Yesterday, Michael Baroody withdrew his nomination as head of the Consumer Product Safety Commission (CPSC). Baroody, executive vice president and a chief lobbyist for the National Association of Manufacturers (NAM), was the latest in a parade of Bush cronies nominated to oversee their former industries.
Baroody withdrew just before what would likely have been a tumultuous hearing this morning on his nomination, amid mounting opposition from Senate Democrats who were rightly concerned that Baroody’s appointment presented a clear conflict-of-interest. Sens. Bill Nelson of Florida, and, Dick Durbin and Barack Obama of Illinois had all spoken out against Baroody’s appointment.
Also adding substantially to concerns about where his loyalties lay, the New York Times revealed last week that Baroody would have received a $150,000 windfall severance package from NAM following his appointment.

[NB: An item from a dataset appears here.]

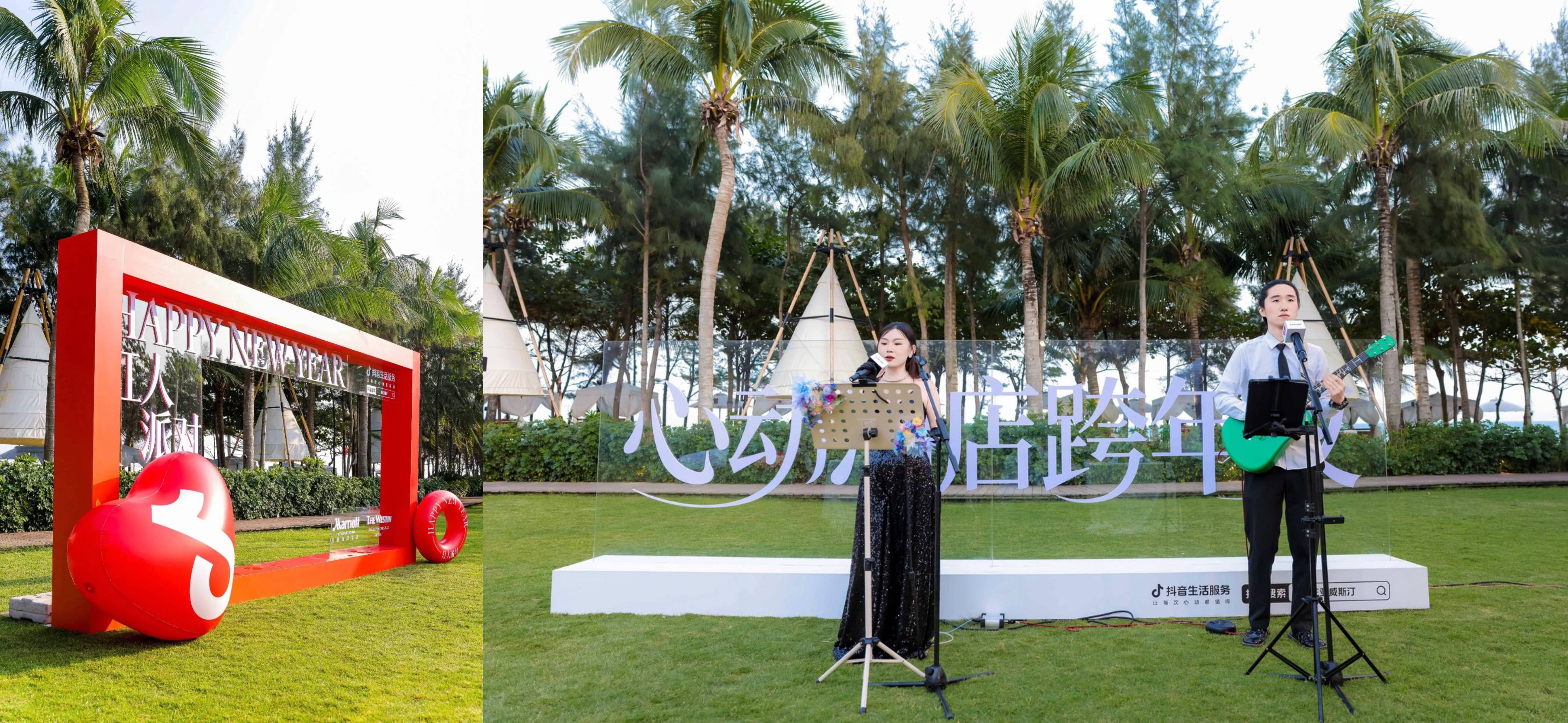 抖音精准联动近20位潮流、旅行类达人深度参与,通过达人的视角与创作,将酒店的特色餐厅、天际酒吧、临海花园等场景重新“定义”为跨年必打卡点位:达人们走红毯拍摄群像;在天际酒吧记录“零点举杯看烟花”的浪漫;在海边餐厅解锁跨年定制套餐;在临海花园呈现欢聚场景……

Baroody was a stunningly inappropriate choice. His career included stints as a partisan political operative, pushing to elect pro-business and anti-consumer candidates. He has spoken out against numerous safety and health regulations, including ergonomics rules to prevent worker injuries, efforts by the Environmental Protection Agency to curb pollutants and regulations to mandate fire-safe cigarettes and prevent the 700 to 900 deaths that occur each year from home fires started by cigarettes and other smoking products.

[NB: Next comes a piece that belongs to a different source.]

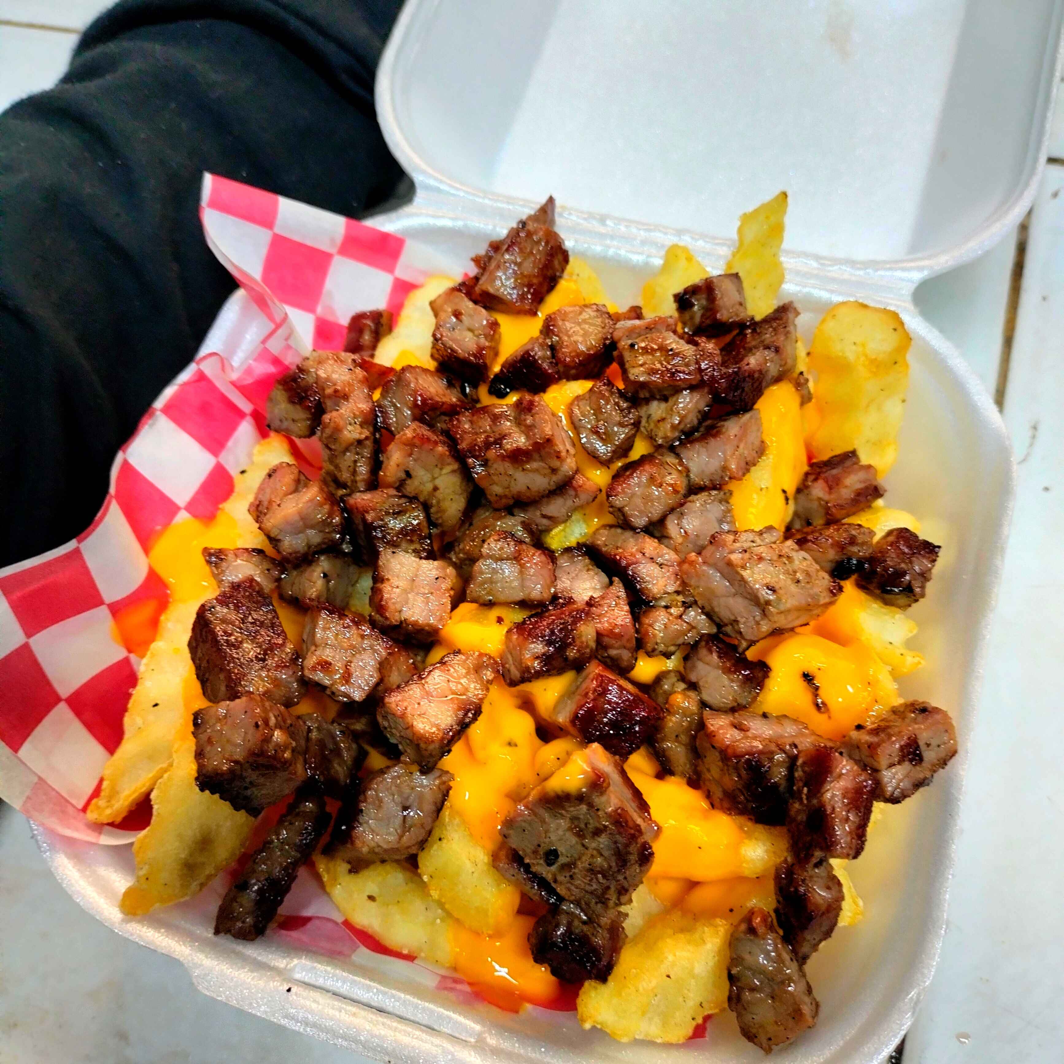 Papas a la francesa con queso por encima y trocitos de arrachera

Many of the companies overseen by the CPSC are NAM members or affiliates. In fact, as Public Citizen has shown, these industry groups accounted for more than half of the penalties the agency assessed in the past ten years for violating its most important rule, a requirement that companies inform the agency when they discover dangerous defects in their products. NAM successfully pushed last year to weaken that rule. Given Baroody’s strong ties to the industries he would have had to regulate and his past positions, he would have faced unavoidable conflicts.
As with other appointments made by this Administration, choosing Baroody was clearly an attempt to undercut regulations that protect consumers in favor of fatter corporate profit margins. Thankfully for consumers, in this case it was an attempt that failed.